**DATA RECORDS:**
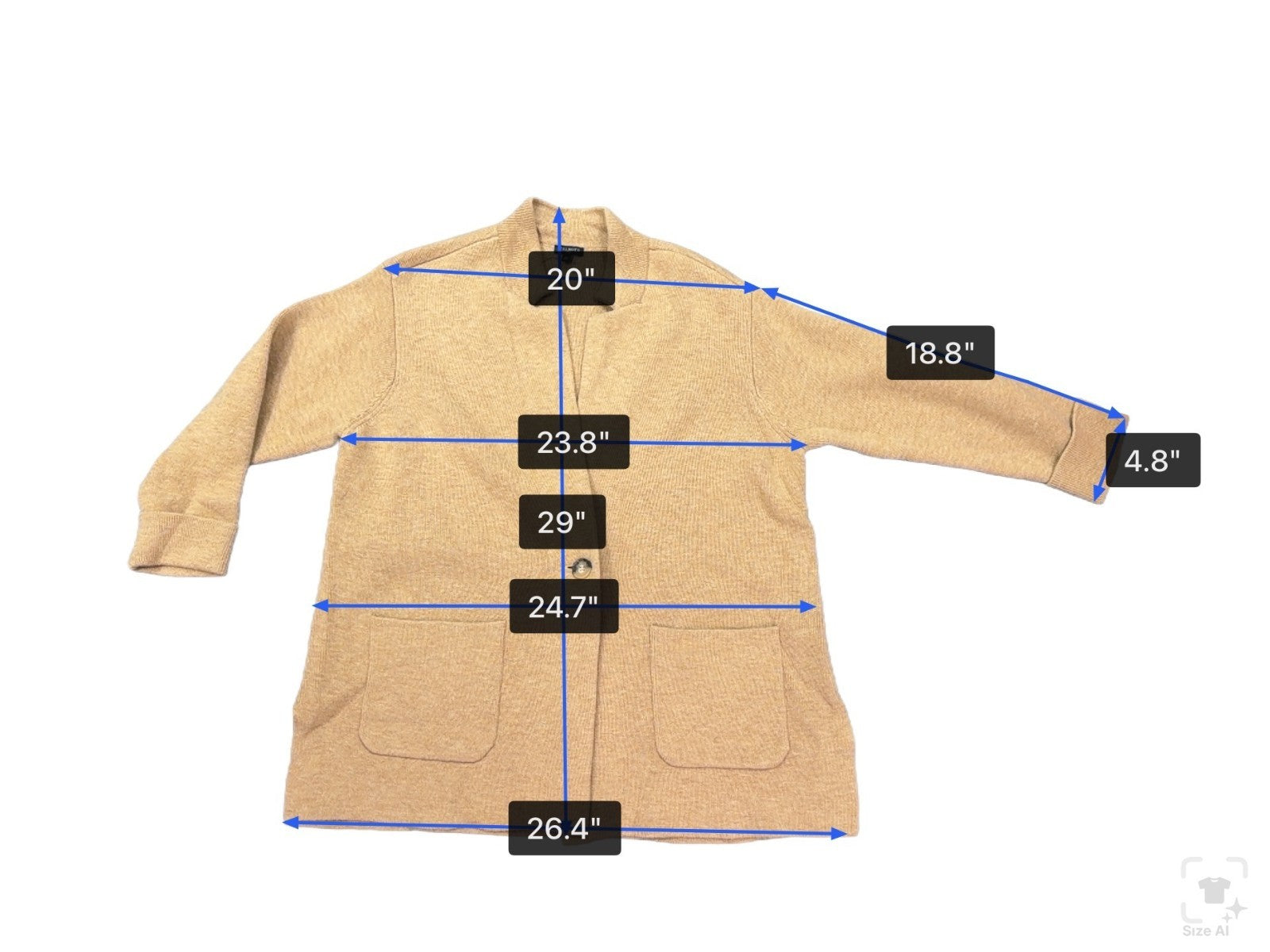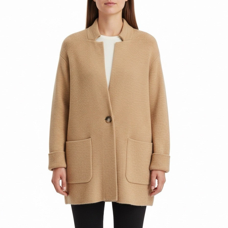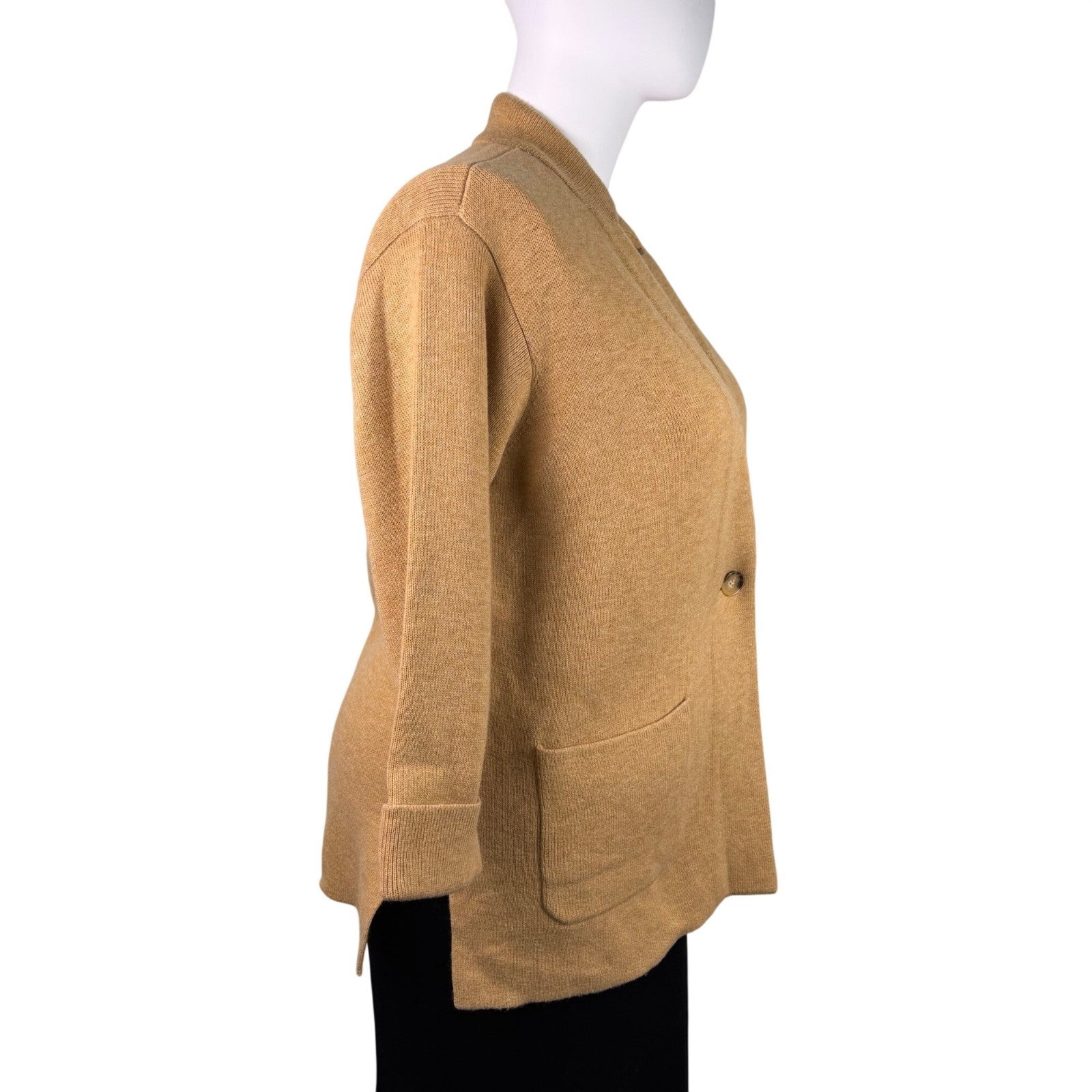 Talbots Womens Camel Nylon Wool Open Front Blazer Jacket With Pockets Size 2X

==

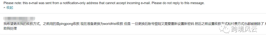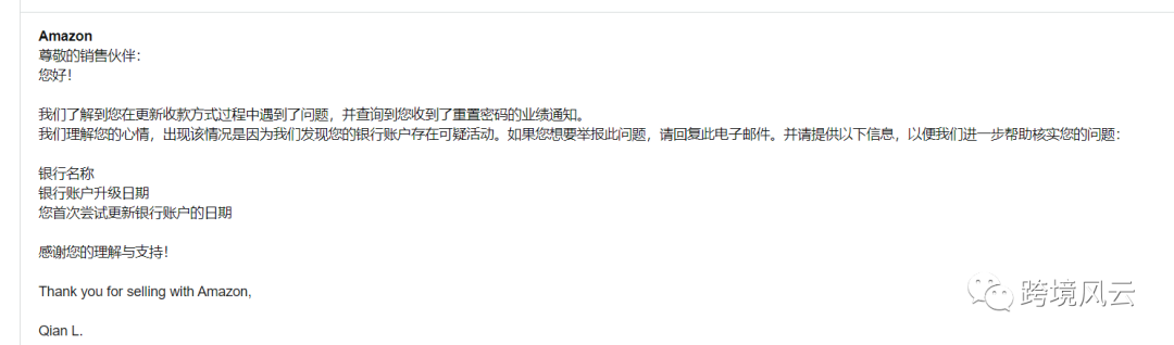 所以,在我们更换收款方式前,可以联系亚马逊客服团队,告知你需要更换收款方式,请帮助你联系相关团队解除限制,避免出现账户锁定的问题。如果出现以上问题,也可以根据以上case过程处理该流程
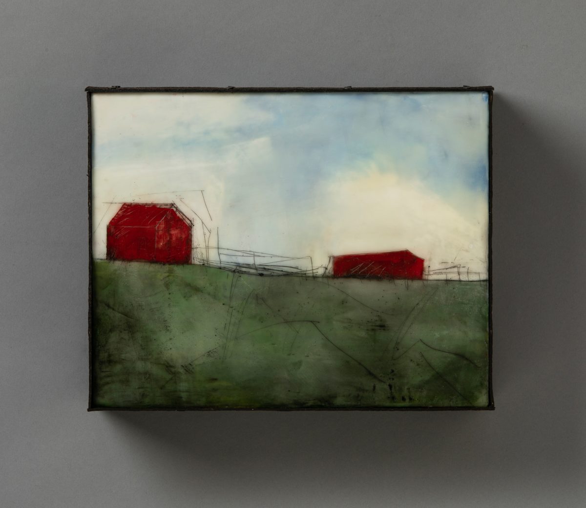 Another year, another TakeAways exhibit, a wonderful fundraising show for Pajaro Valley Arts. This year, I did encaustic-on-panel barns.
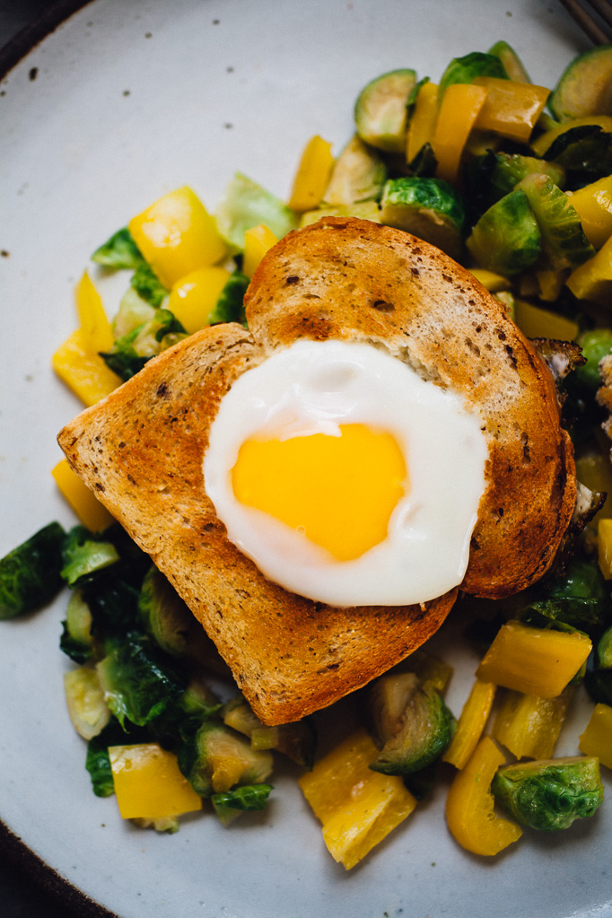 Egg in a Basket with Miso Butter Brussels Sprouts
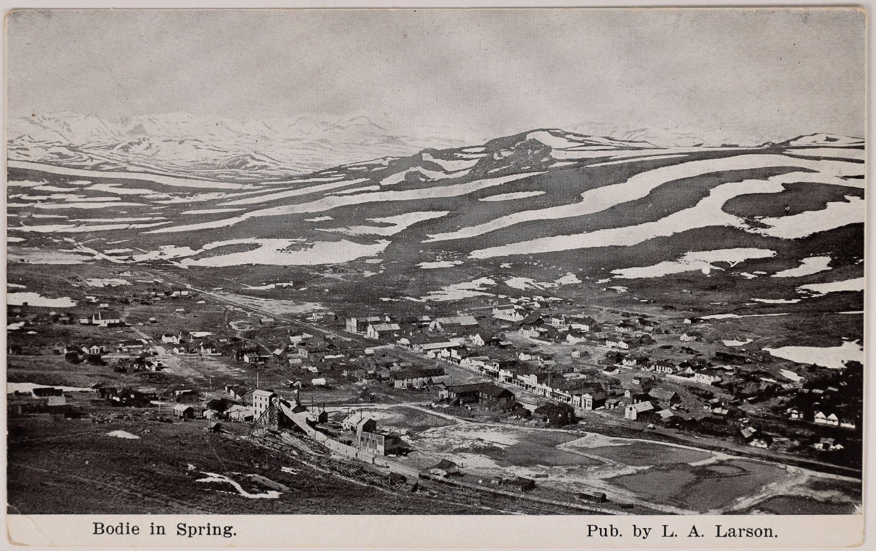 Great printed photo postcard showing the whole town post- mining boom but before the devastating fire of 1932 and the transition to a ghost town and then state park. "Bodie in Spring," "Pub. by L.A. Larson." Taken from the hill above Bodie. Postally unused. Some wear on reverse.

...

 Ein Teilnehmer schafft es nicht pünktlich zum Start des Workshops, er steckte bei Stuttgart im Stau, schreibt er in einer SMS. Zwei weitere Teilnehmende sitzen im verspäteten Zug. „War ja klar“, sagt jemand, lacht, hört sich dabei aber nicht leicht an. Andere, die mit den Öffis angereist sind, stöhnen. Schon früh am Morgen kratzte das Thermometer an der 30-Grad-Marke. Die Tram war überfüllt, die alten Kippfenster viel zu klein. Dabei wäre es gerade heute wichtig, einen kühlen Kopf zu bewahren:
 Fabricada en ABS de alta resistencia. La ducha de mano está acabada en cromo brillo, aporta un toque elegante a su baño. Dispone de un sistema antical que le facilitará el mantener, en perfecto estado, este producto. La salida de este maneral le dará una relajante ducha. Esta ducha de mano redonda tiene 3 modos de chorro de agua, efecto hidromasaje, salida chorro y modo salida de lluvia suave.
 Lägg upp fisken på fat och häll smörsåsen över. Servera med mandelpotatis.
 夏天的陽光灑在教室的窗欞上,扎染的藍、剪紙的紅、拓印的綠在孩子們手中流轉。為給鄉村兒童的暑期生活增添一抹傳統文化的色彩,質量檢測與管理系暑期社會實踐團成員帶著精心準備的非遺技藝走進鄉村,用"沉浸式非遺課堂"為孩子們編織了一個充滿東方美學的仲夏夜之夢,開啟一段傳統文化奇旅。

**EXERCISE INSTRUCTIONS:**
Look above for the line with "所以,在我们更换收款方式前,可以联系亚马" and the line with "Egg in a Basket". Output those two and everything between them exactly, pictures excluded.

**EXERCISE OUTPUT:**
 所以,在我们更换收款方式前,可以联系亚马逊客服团队,告知你需要更换收款方式,请帮助你联系相关团队解除限制,避免出现账户锁定的问题。如果出现以上问题,也可以根据以上case过程处理该流程
 Another year, another TakeAways exhibit, a wonderful fundraising show for Pajaro Valley Arts. This year, I did encaustic-on-panel barns.
 Egg in a Basket with Miso Butter Brussels Sprouts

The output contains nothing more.